Pictures in the records are to be excluded from an otherwise exact copy.

= = = =

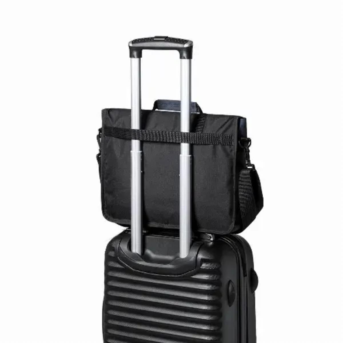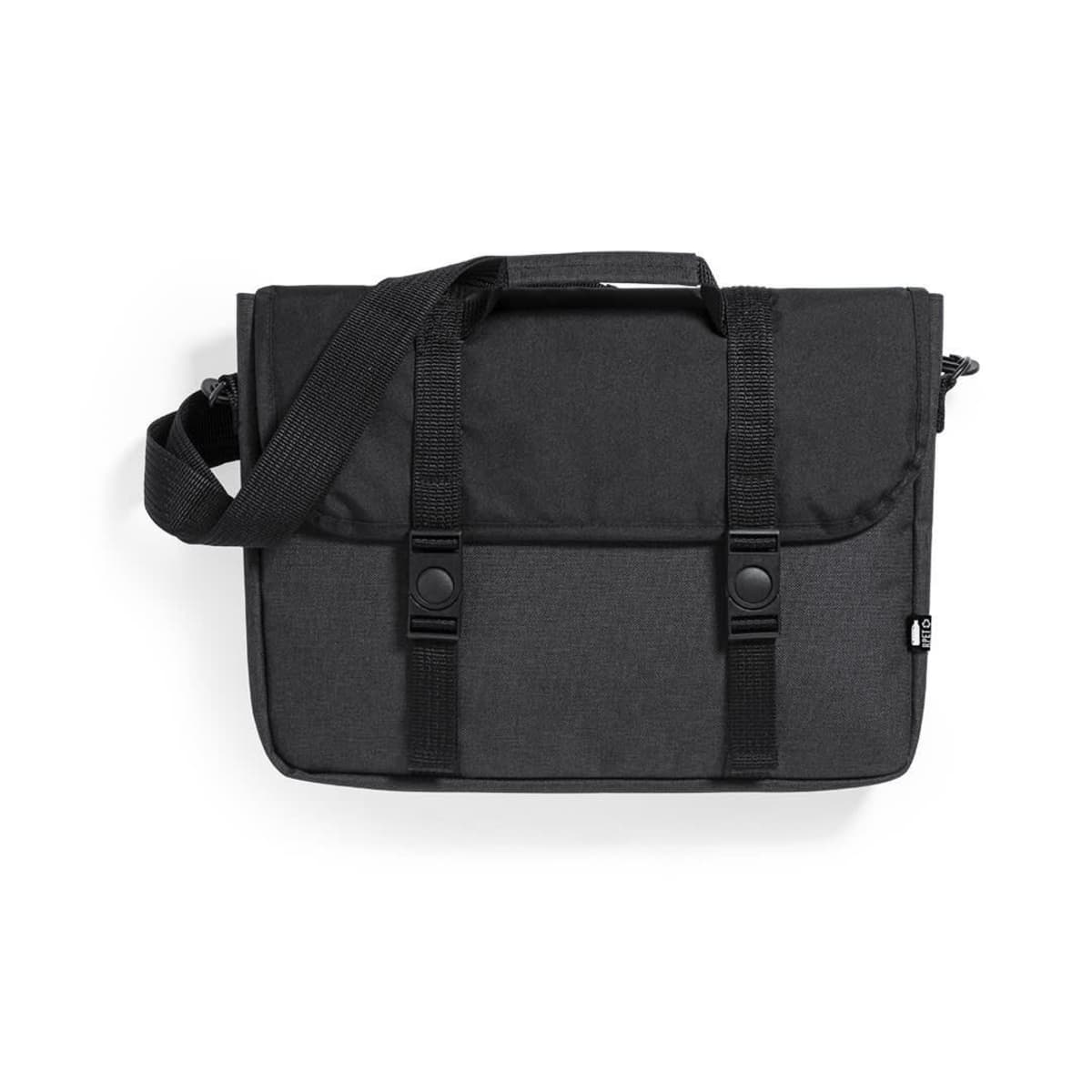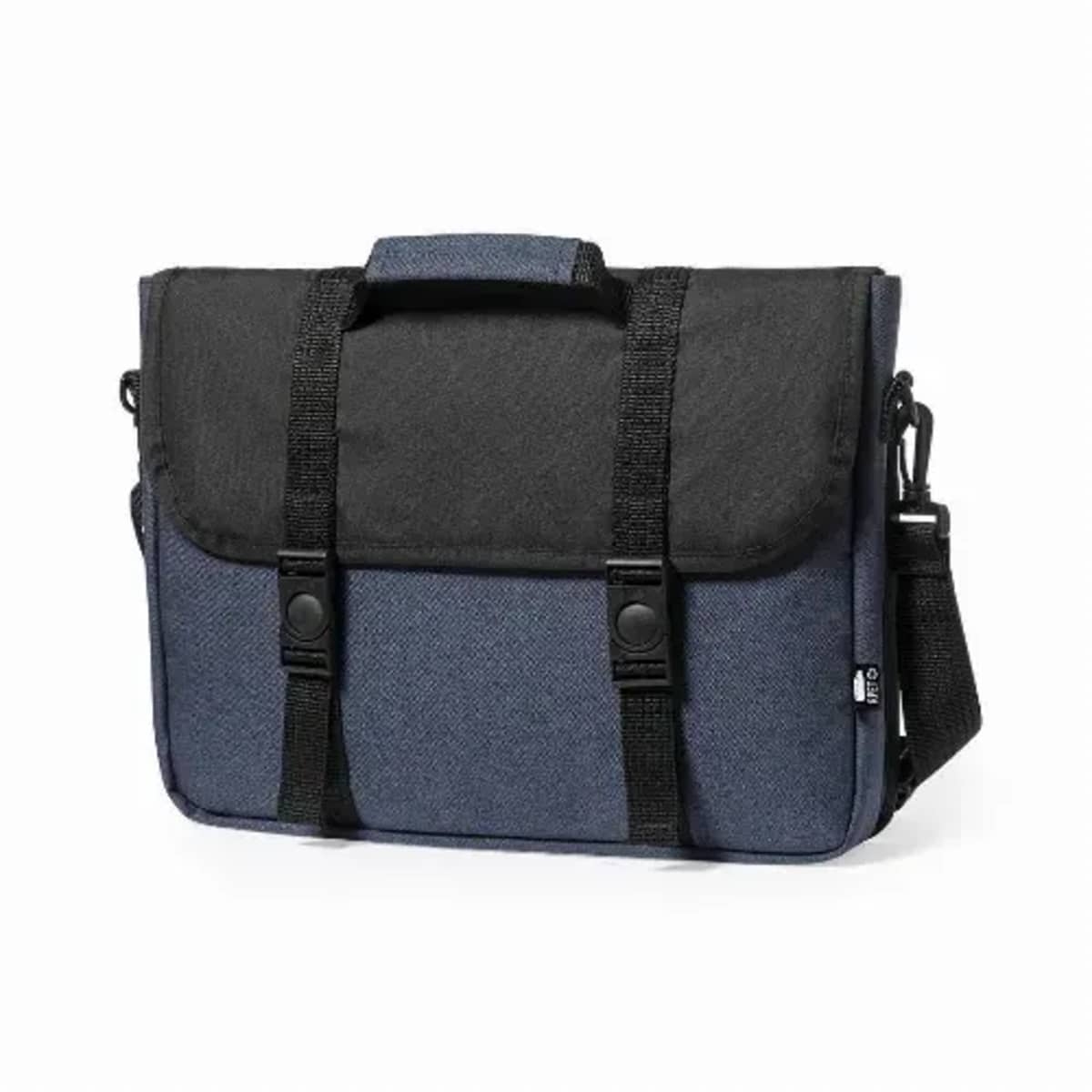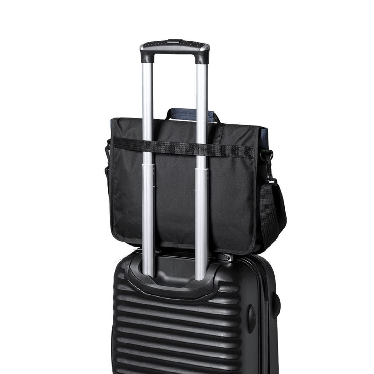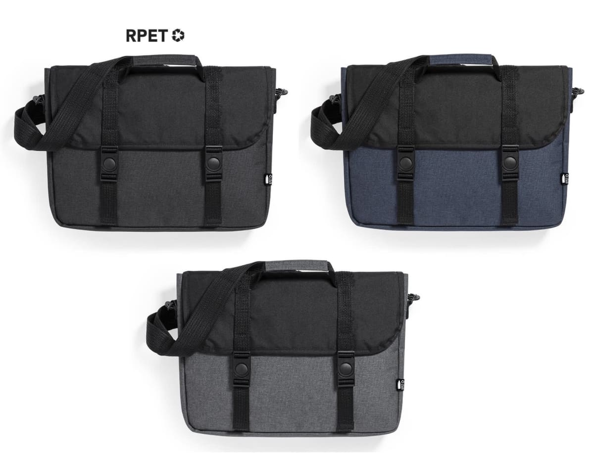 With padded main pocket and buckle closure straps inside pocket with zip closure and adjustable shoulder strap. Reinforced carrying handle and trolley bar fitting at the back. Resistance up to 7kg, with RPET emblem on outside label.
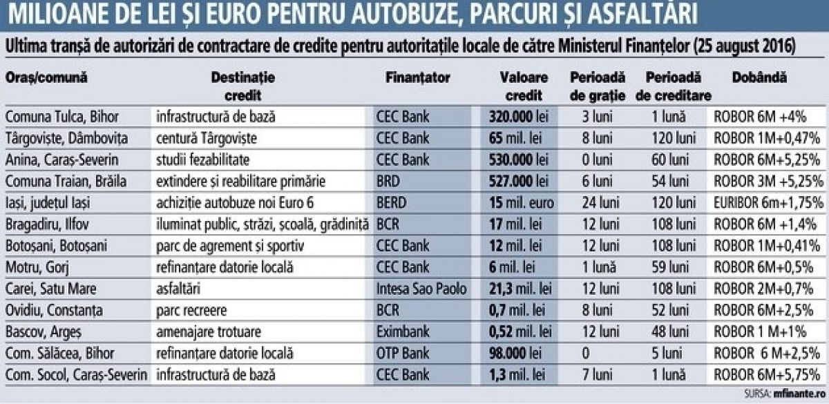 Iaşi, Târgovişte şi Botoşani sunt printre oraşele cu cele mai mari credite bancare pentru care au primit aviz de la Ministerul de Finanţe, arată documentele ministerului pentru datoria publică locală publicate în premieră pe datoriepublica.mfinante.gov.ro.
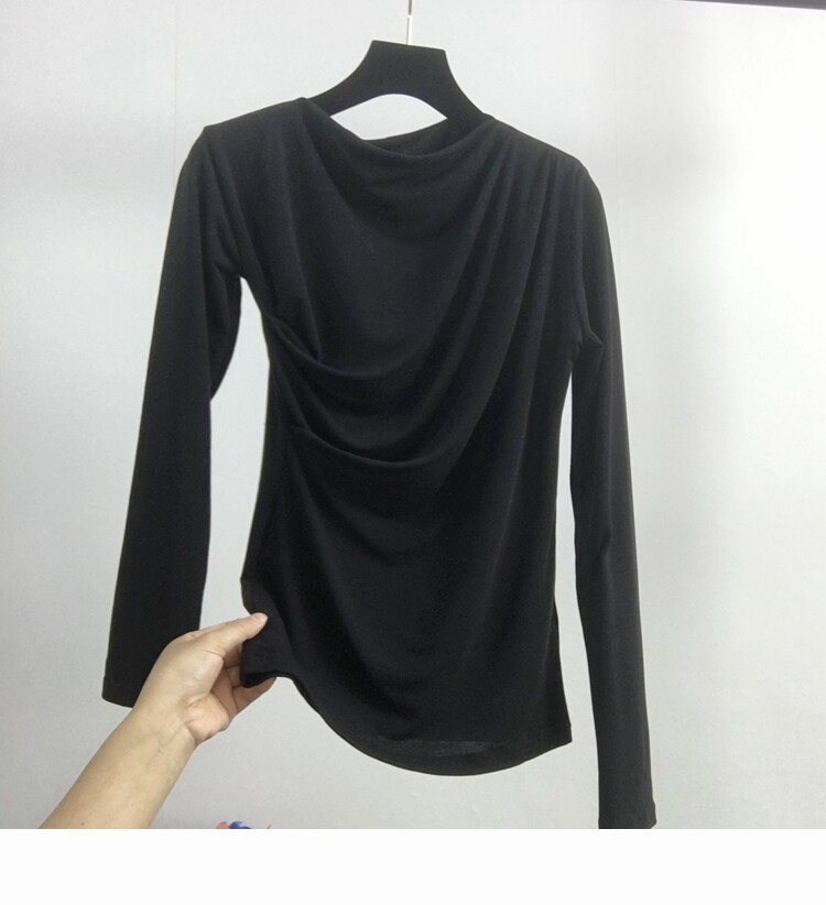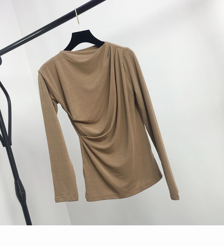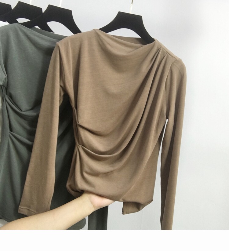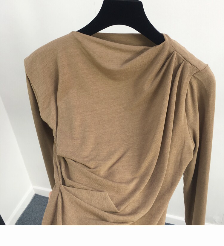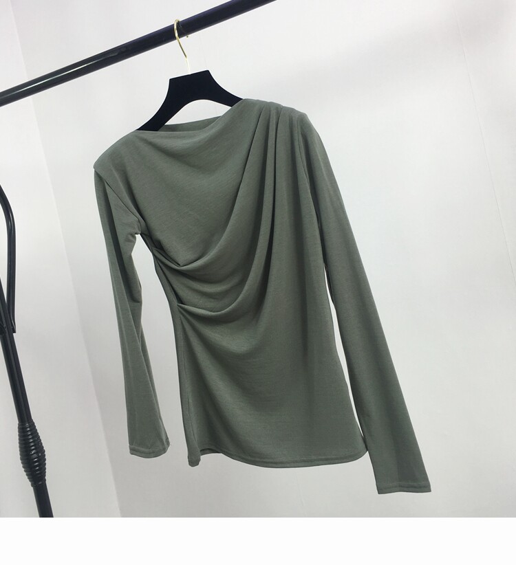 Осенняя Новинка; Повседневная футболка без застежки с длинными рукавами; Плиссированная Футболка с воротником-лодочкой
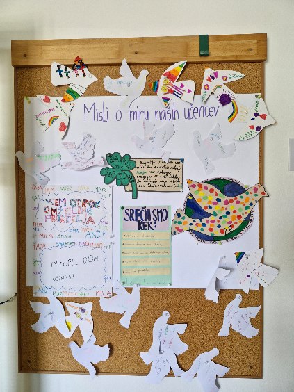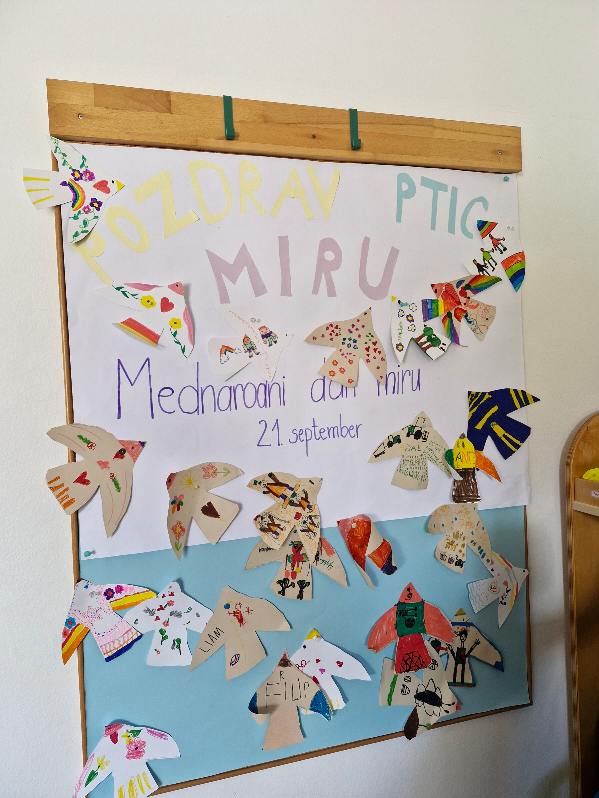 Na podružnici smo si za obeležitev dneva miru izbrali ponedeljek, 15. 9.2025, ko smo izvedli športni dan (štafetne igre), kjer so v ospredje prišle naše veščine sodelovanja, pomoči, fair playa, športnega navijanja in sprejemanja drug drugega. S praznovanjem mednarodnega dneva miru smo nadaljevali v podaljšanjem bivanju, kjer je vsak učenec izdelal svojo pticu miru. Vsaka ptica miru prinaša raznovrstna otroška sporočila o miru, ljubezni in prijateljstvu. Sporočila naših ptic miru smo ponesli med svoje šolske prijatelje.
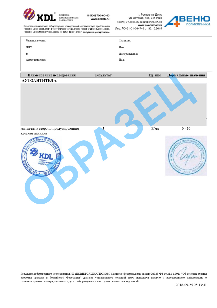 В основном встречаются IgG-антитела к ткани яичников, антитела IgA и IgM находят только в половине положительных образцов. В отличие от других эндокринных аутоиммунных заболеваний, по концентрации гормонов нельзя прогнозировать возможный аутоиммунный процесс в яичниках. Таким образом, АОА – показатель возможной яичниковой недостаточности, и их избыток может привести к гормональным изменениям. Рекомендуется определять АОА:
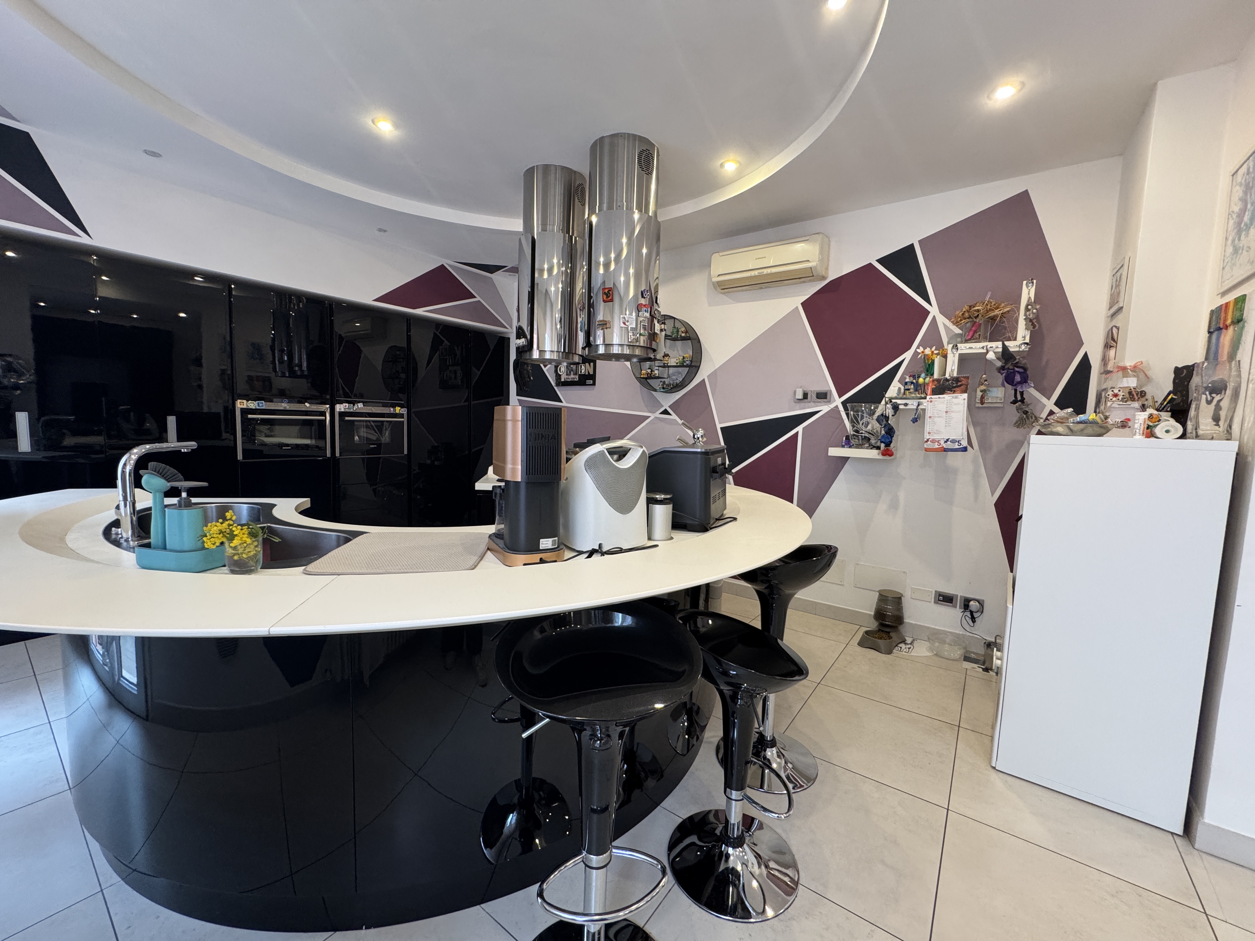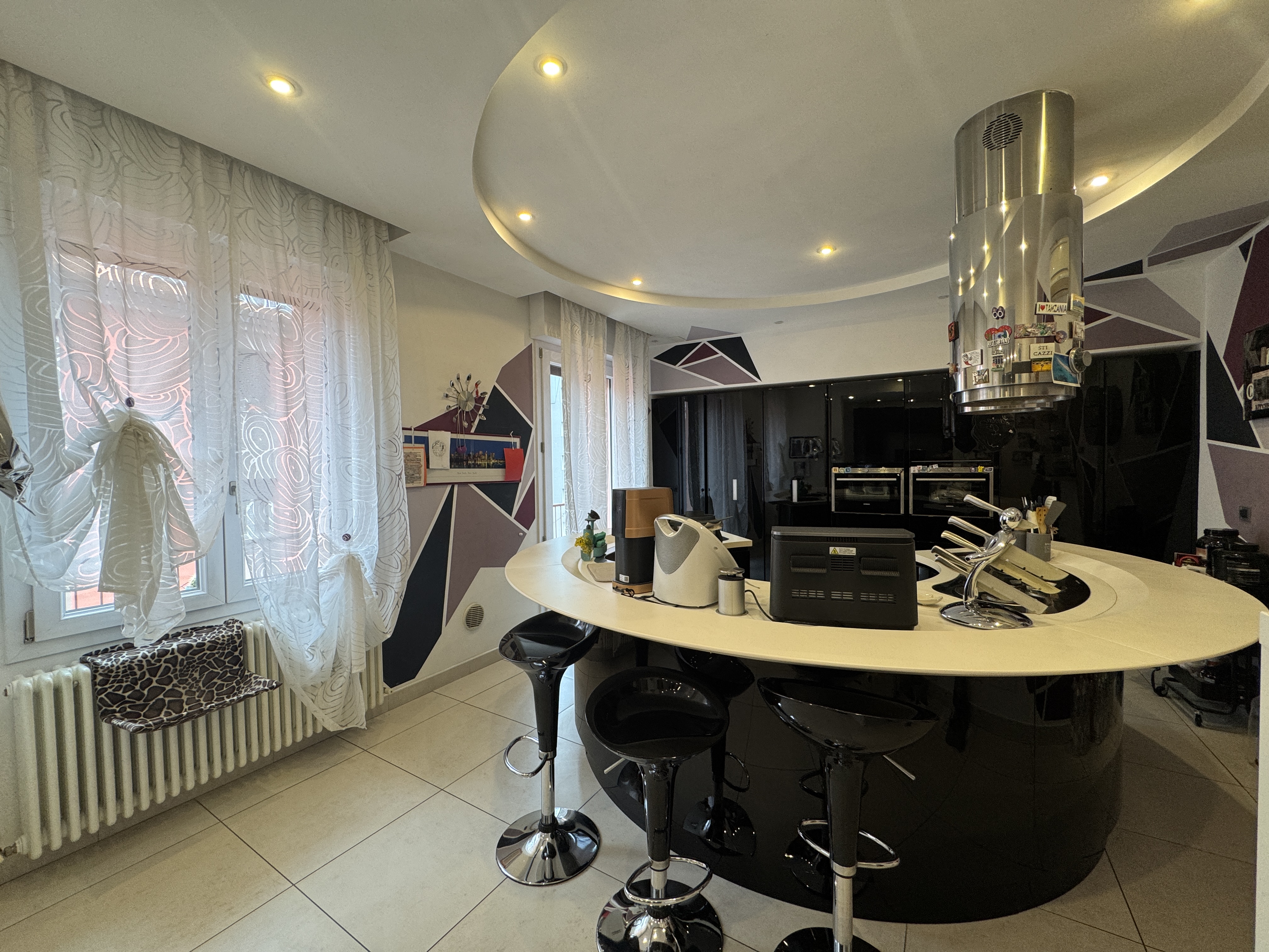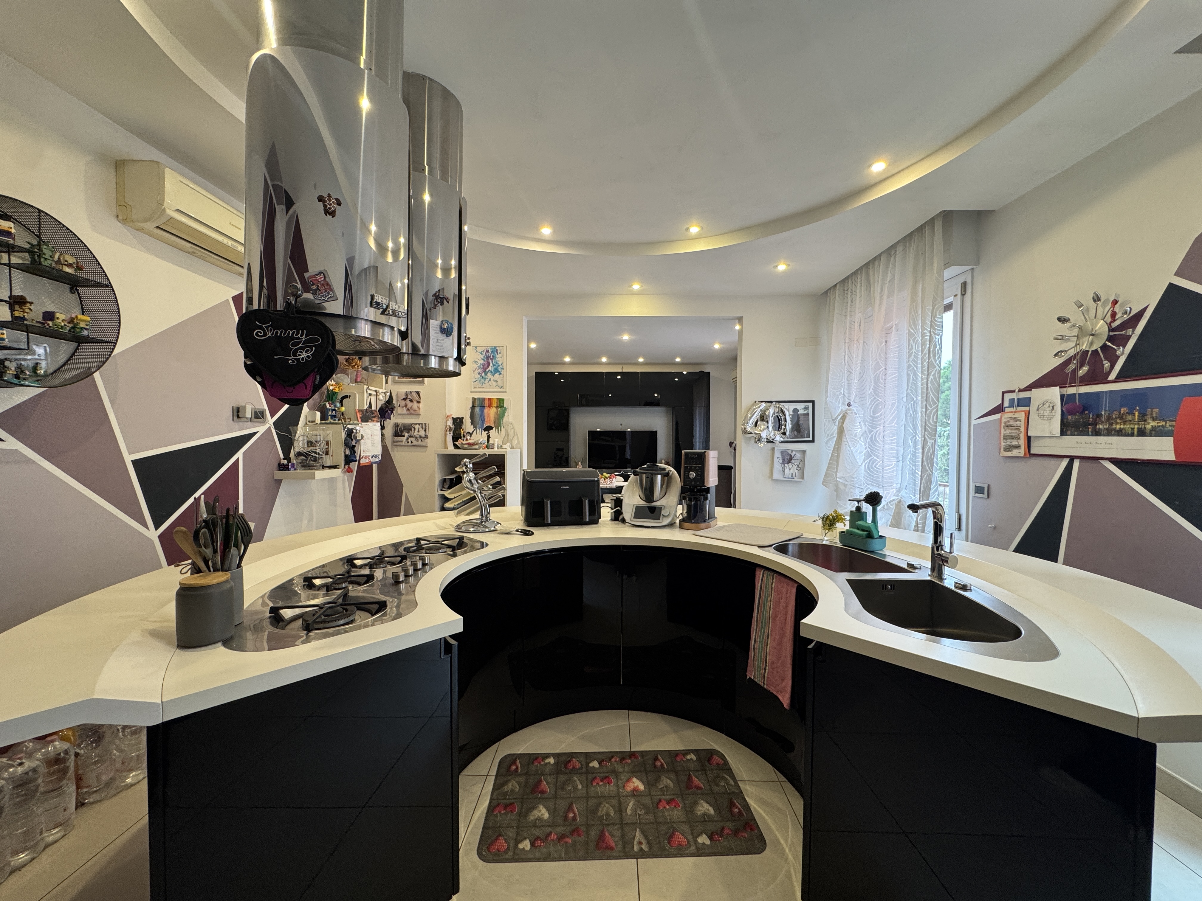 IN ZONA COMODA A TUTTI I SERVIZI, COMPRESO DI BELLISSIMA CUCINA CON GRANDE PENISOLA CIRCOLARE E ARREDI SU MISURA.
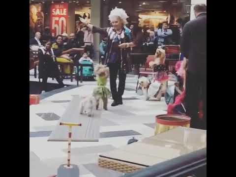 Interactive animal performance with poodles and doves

= = = =

(COMPLETED TASK)
 With padded main pocket and buckle closure straps inside pocket with zip closure and adjustable shoulder strap. Reinforced carrying handle and trolley bar fitting at the back. Resistance up to 7kg, with RPET emblem on outside label.
 Iaşi, Târgovişte şi Botoşani sunt printre oraşele cu cele mai mari credite bancare pentru care au primit aviz de la Ministerul de Finanţe, arată documentele ministerului pentru datoria publică locală publicate în premieră pe datoriepublica.mfinante.gov.ro.
 Осенняя Новинка; Повседневная футболка без застежки с длинными рукавами; Плиссированная Футболка с воротником-лодочкой
 Na podružnici smo si za obeležitev dneva miru izbrali ponedeljek, 15. 9.2025, ko smo izvedli športni dan (štafetne igre), kjer so v ospredje prišle naše veščine sodelovanja, pomoči, fair playa, športnega navijanja in sprejemanja drug drugega. S praznovanjem mednarodnega dneva miru smo nadaljevali v podaljšanjem bivanju, kjer je vsak učenec izdelal svojo pticu miru. Vsaka ptica miru prinaša raznovrstna otroška sporočila o miru, ljubezni in prijateljstvu. Sporočila naših ptic miru smo ponesli med svoje šolske prijatelje.
 В основном встречаются IgG-антитела к ткани яичников, антитела IgA и IgM находят только в половине положительных образцов. В отличие от других эндокринных аутоиммунных заболеваний, по концентрации гормонов нельзя прогнозировать возможный аутоиммунный процесс в яичниках. Таким образом, АОА – показатель возможной яичниковой недостаточности, и их избыток может привести к гормональным изменениям. Рекомендуется определять АОА:
 IN ZONA COMODA A TUTTI I SERVIZI, COMPRESO DI BELLISSIMA CUCINA CON GRANDE PENISOLA CIRCOLARE E ARREDI SU MISURA.
 Interactive animal performance with poodles and doves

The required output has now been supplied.